-- Provided entries --
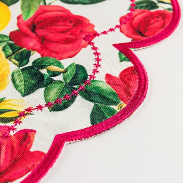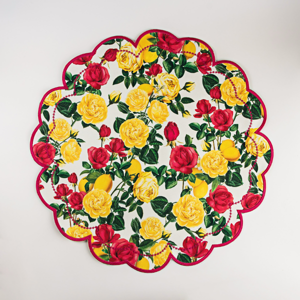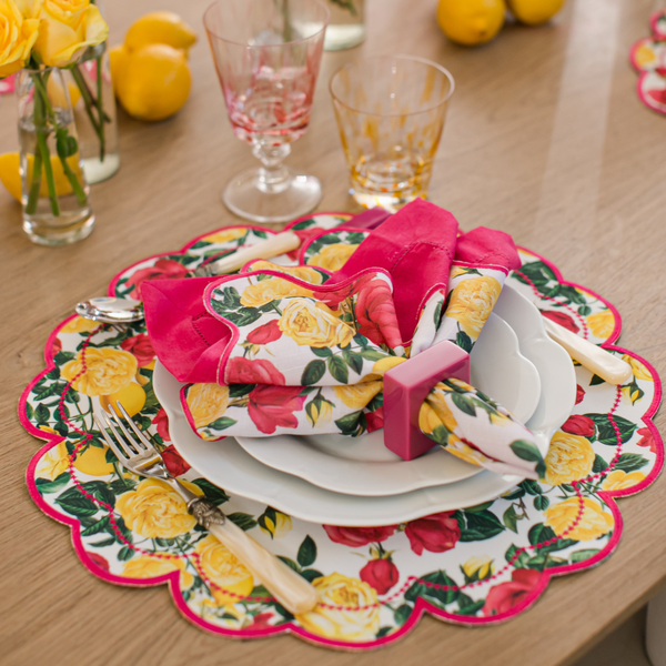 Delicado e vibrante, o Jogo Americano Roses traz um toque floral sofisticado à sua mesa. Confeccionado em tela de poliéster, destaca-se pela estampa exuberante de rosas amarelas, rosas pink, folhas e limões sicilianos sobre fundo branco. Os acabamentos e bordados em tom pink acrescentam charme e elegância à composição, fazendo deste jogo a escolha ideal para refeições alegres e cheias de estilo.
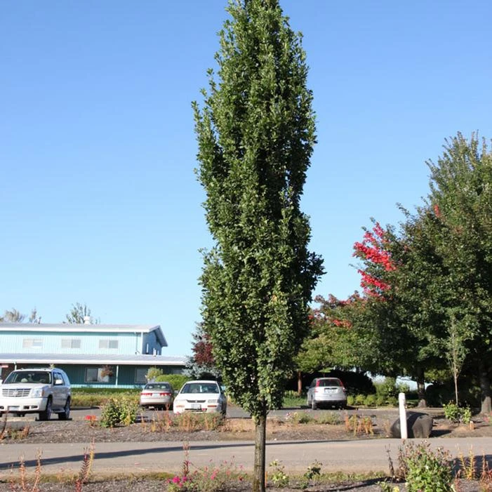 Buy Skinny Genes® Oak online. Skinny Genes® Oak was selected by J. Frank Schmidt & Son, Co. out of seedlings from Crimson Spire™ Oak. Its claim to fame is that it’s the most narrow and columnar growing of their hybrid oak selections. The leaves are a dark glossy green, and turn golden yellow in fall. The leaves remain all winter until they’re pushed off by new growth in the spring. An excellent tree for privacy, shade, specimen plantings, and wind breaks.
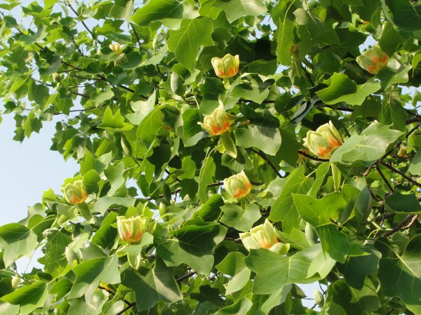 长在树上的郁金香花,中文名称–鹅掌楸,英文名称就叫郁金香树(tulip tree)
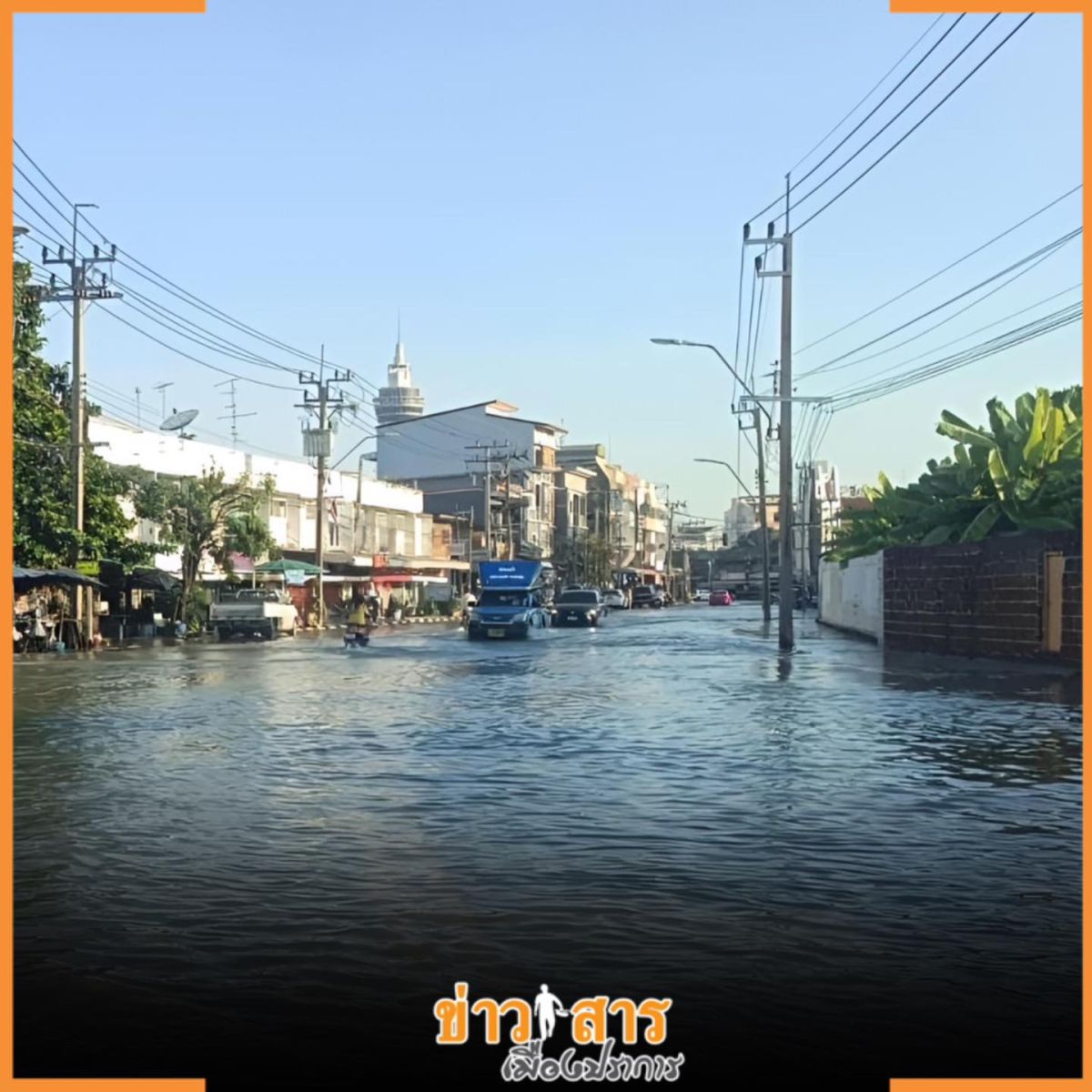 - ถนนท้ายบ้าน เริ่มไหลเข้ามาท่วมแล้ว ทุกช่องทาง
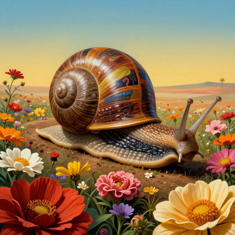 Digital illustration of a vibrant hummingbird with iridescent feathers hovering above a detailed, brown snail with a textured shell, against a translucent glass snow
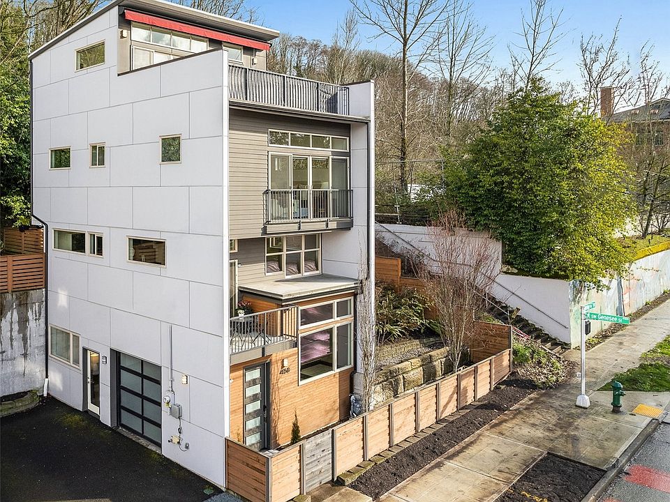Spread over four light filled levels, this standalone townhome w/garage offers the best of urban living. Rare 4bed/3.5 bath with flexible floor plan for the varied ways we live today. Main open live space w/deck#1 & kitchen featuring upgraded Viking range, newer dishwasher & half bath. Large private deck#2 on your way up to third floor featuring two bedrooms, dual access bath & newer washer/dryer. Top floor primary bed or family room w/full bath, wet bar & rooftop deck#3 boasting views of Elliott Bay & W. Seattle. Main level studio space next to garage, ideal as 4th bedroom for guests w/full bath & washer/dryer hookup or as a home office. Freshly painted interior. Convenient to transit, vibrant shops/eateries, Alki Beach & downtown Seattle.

---

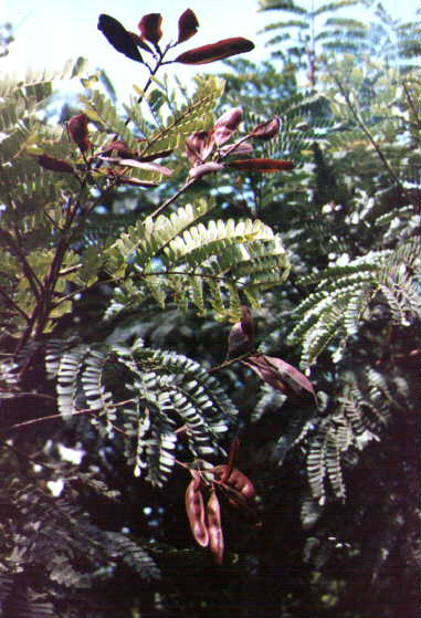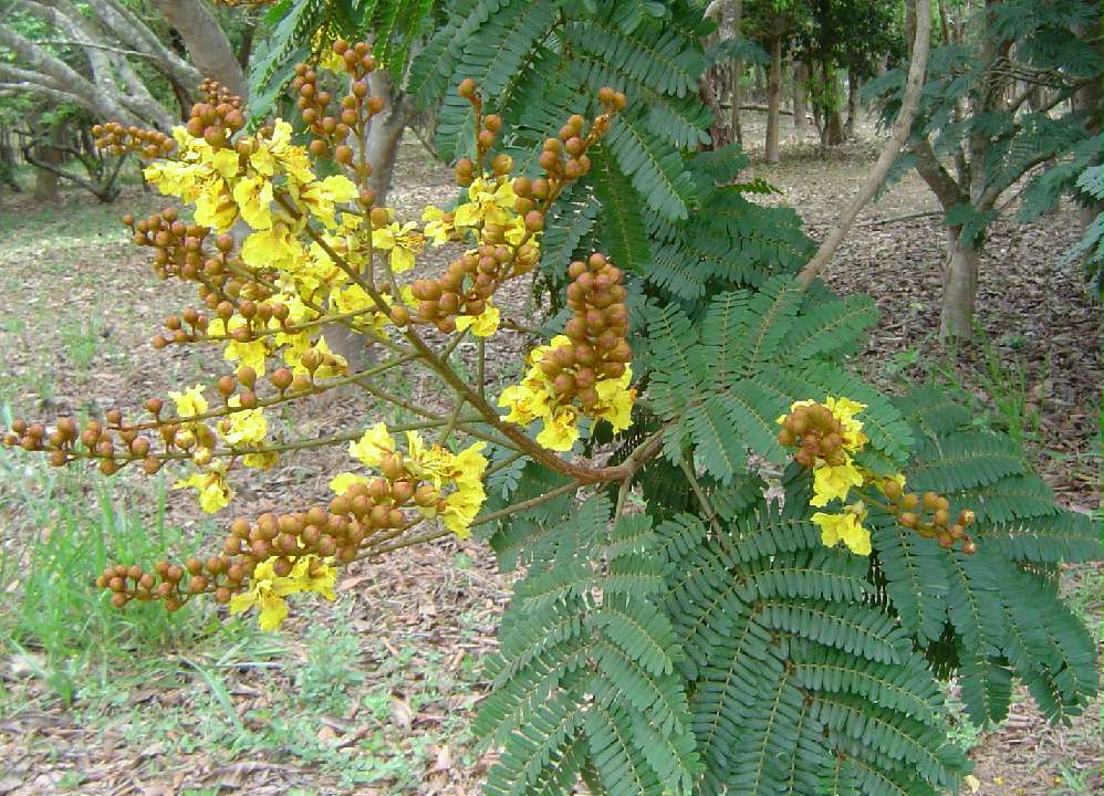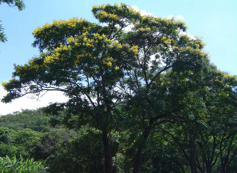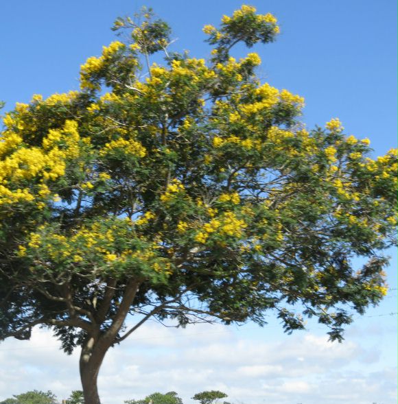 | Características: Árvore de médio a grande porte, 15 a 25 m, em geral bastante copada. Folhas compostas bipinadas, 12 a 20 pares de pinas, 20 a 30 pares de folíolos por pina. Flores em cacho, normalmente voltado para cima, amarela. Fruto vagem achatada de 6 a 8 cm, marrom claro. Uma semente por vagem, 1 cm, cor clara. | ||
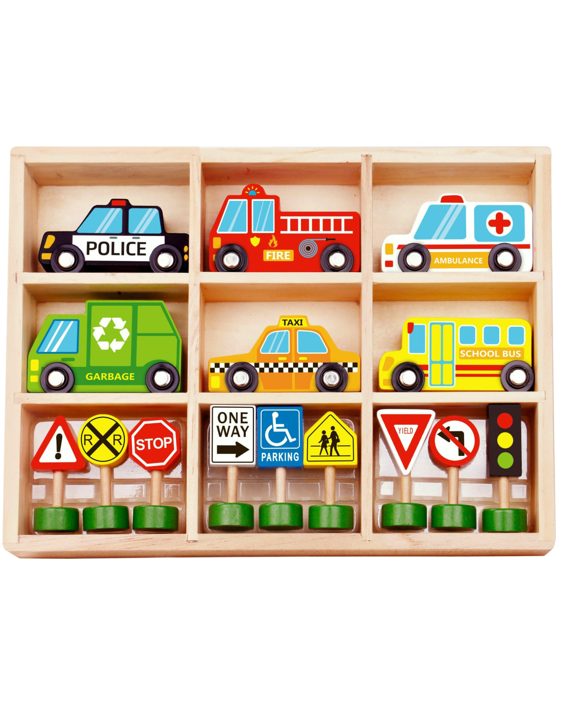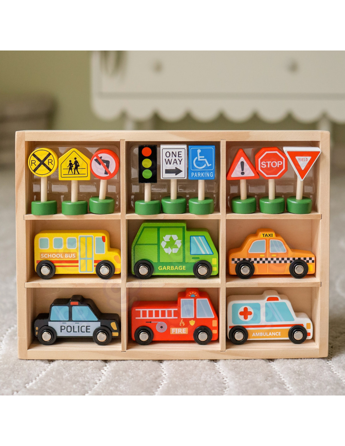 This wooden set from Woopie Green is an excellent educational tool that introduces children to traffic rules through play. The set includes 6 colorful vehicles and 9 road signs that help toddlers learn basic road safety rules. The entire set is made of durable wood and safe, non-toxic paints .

-- Work task --
Quote the lines above exactly, starting with the one that has "Delicado e vibrante, o" and ending with the one that has "Digital illustration of"; drop the pictures and include nothing else.

-- Expected output --
 Delicado e vibrante, o Jogo Americano Roses traz um toque floral sofisticado à sua mesa. Confeccionado em tela de poliéster, destaca-se pela estampa exuberante de rosas amarelas, rosas pink, folhas e limões sicilianos sobre fundo branco. Os acabamentos e bordados em tom pink acrescentam charme e elegância à composição, fazendo deste jogo a escolha ideal para refeições alegres e cheias de estilo.
 Buy Skinny Genes® Oak online. Skinny Genes® Oak was selected by J. Frank Schmidt & Son, Co. out of seedlings from Crimson Spire™ Oak. Its claim to fame is that it’s the most narrow and columnar growing of their hybrid oak selections. The leaves are a dark glossy green, and turn golden yellow in fall. The leaves remain all winter until they’re pushed off by new growth in the spring. An excellent tree for privacy, shade, specimen plantings, and wind breaks.
 长在树上的郁金香花,中文名称–鹅掌楸,英文名称就叫郁金香树(tulip tree)
 - ถนนท้ายบ้าน เริ่มไหลเข้ามาท่วมแล้ว ทุกช่องทาง
 Digital illustration of a vibrant hummingbird with iridescent feathers hovering above a detailed, brown snail with a textured shell, against a translucent glass snow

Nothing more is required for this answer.